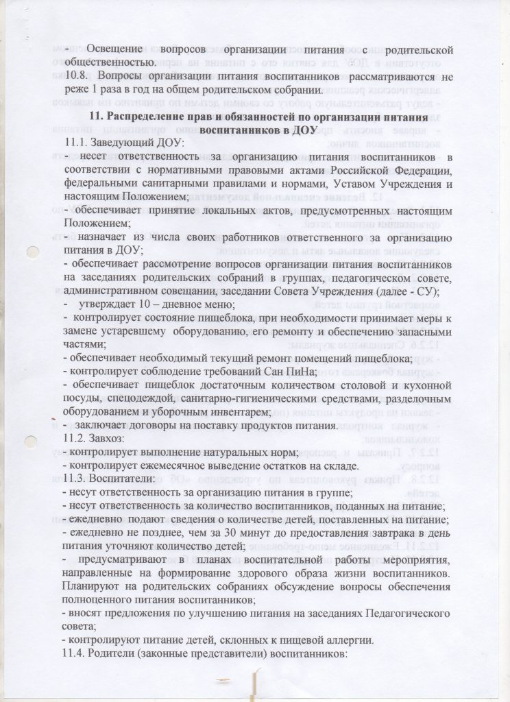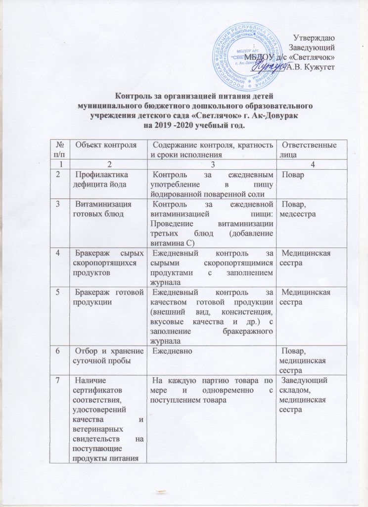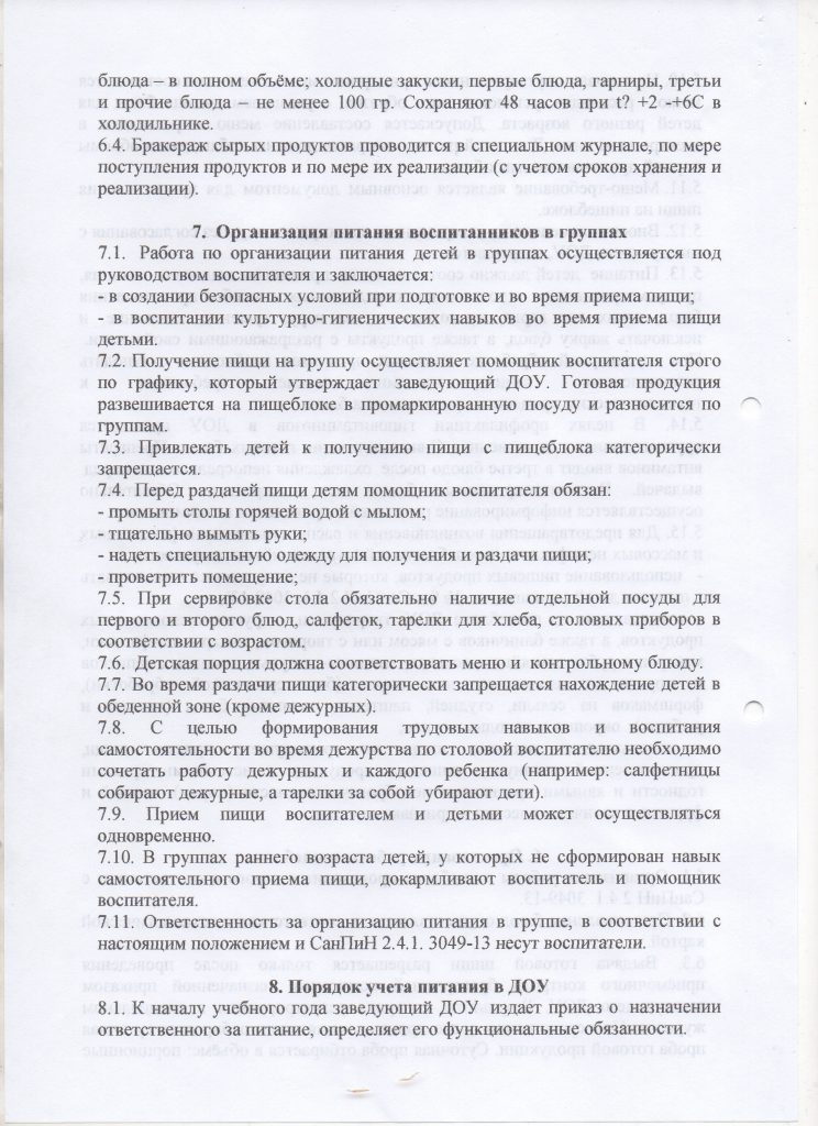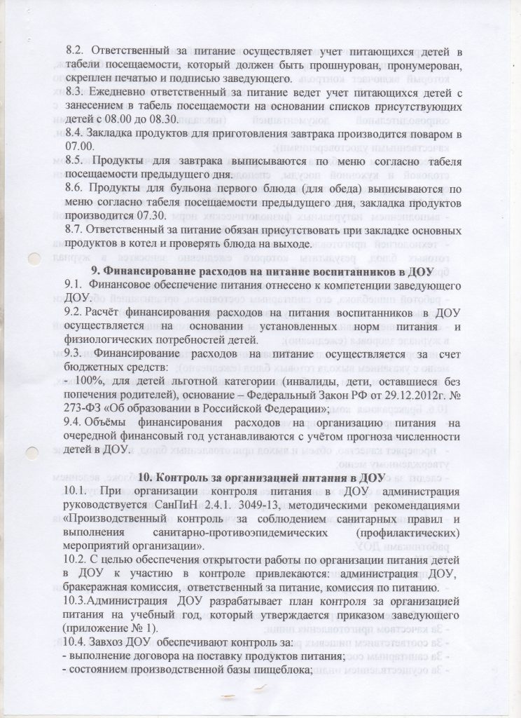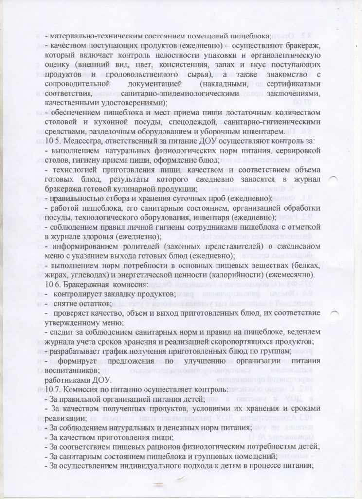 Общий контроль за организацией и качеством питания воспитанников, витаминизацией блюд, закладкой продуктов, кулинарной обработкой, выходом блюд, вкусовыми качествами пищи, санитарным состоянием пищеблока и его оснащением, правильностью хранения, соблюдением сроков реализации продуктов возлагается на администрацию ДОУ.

━━━━━━━━━━━━━━━━━━━━━━━━━━━━━━

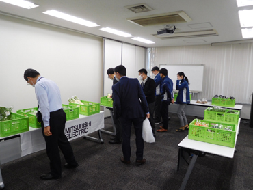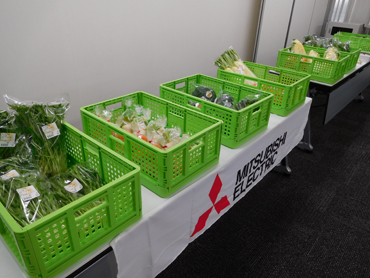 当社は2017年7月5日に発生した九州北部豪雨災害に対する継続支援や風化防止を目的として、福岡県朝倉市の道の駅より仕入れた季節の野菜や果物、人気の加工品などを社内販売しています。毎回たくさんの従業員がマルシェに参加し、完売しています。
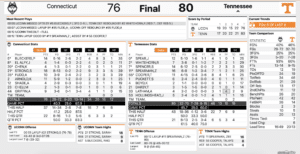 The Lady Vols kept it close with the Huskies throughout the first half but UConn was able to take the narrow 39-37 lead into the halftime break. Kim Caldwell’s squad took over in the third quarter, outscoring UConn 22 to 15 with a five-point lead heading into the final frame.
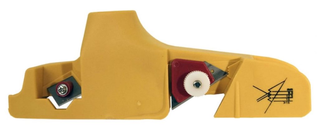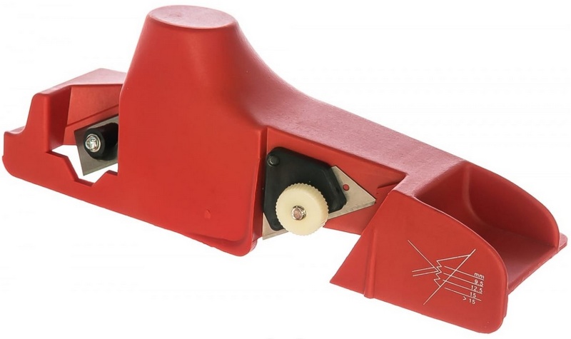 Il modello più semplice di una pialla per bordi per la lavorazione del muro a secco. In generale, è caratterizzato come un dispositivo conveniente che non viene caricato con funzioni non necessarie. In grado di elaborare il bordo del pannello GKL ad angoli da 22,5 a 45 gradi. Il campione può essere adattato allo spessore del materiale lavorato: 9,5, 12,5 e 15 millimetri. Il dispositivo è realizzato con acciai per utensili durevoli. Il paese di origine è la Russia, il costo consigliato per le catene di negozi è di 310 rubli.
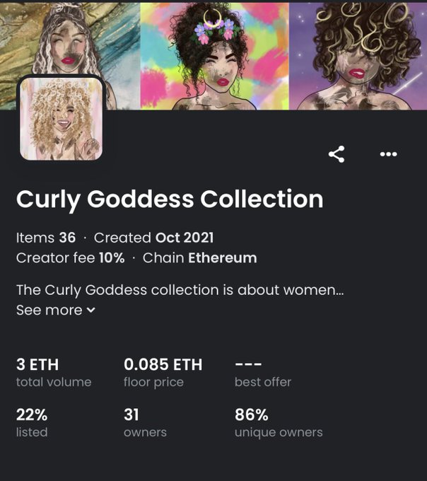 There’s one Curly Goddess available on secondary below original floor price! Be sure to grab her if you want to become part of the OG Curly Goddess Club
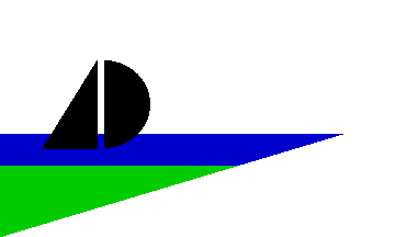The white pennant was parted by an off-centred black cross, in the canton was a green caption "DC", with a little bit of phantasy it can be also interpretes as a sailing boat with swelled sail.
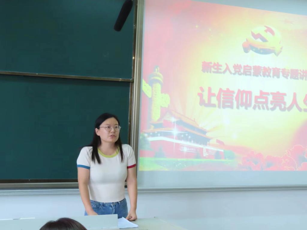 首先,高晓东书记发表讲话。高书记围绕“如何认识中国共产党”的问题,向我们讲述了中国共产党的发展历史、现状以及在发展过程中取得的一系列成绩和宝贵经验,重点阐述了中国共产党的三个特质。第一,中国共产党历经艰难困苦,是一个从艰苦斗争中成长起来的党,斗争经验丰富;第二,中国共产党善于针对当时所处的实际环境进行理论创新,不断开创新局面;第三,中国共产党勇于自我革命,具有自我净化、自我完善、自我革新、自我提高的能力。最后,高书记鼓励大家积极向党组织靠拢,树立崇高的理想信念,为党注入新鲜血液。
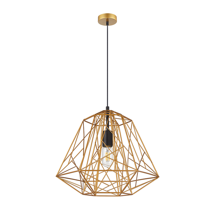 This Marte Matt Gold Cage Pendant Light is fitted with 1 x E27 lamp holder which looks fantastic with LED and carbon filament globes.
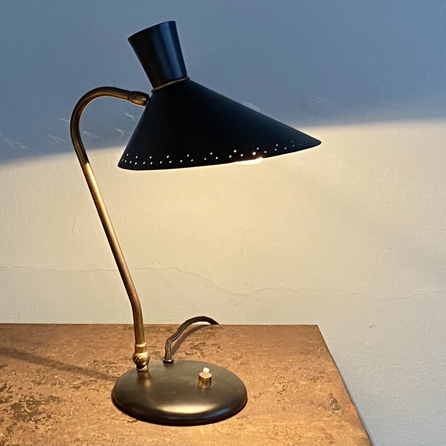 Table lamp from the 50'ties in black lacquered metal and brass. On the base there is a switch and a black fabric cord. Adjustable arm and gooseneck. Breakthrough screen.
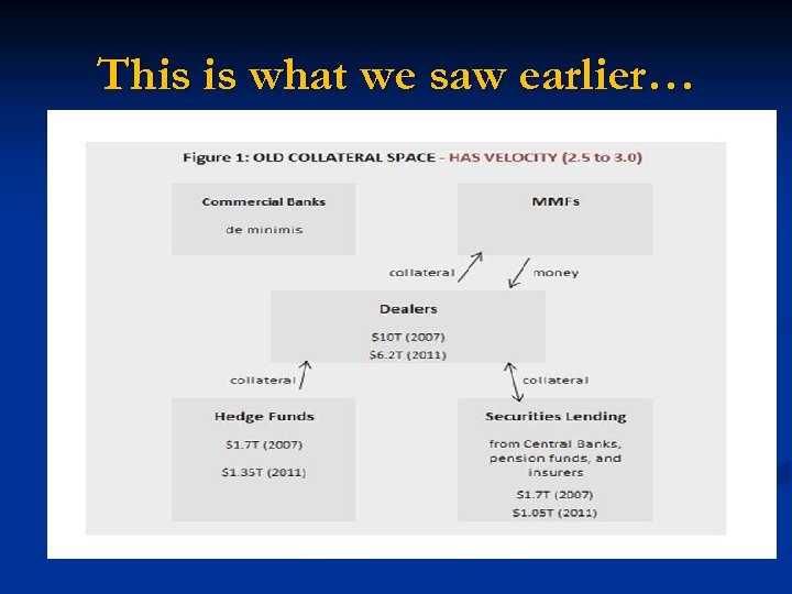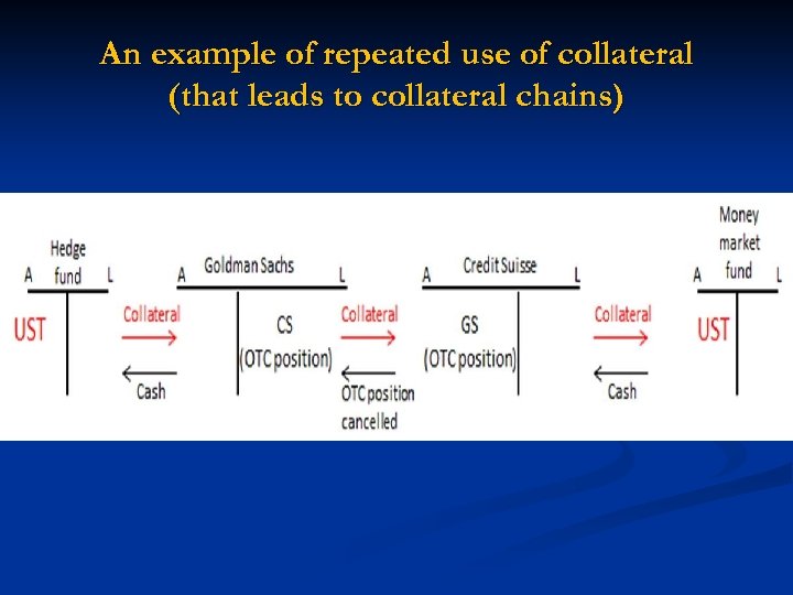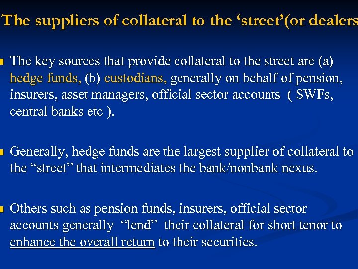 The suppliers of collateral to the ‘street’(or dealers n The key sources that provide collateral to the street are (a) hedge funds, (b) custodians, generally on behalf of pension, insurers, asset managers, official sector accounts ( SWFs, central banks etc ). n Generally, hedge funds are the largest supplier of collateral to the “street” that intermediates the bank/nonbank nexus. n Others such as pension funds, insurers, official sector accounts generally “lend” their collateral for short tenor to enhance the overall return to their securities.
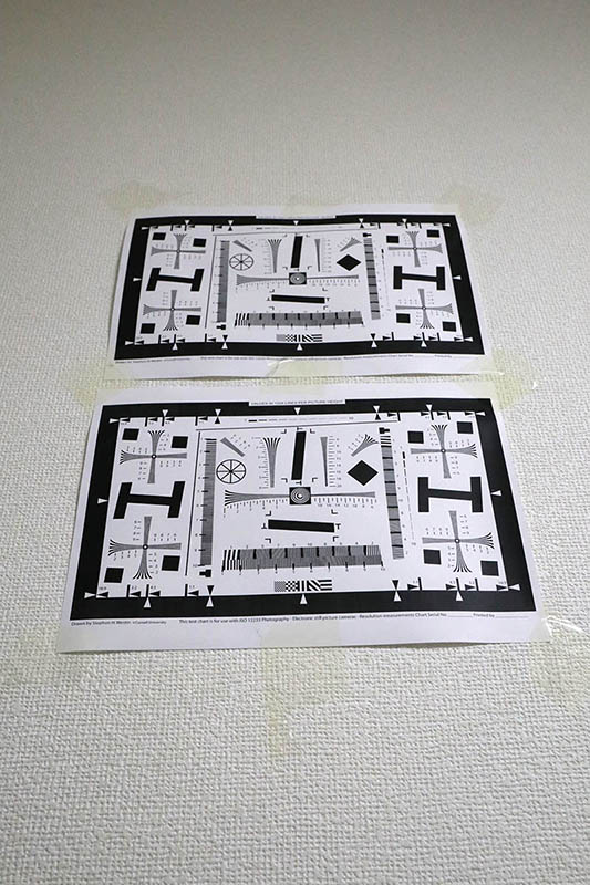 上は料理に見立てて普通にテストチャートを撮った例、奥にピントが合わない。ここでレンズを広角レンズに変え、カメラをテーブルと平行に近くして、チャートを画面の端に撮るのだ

━━━━━━━━━━━━━━━━━━━━━━━━━━━━━━

■ What is expected
What's needed is an exact copy of the lines above from the one with "Table lamp from" through the one with "上は料理に見立てて普通にテス", both included; the pictures stay out.

■ Result of the exercise
 Table lamp from the 50'ties in black lacquered metal and brass. On the base there is a switch and a black fabric cord. Adjustable arm and gooseneck. Breakthrough screen.
 The suppliers of collateral to the ‘street’(or dealers n The key sources that provide collateral to the street are (a) hedge funds, (b) custodians, generally on behalf of pension, insurers, asset managers, official sector accounts ( SWFs, central banks etc ). n Generally, hedge funds are the largest supplier of collateral to the “street” that intermediates the bank/nonbank nexus. n Others such as pension funds, insurers, official sector accounts generally “lend” their collateral for short tenor to enhance the overall return to their securities.
 上は料理に見立てて普通にテストチャートを撮った例、奥にピントが合わない。ここでレンズを広角レンズに変え、カメラをテーブルと平行に近くして、チャートを画面の端に撮るのだ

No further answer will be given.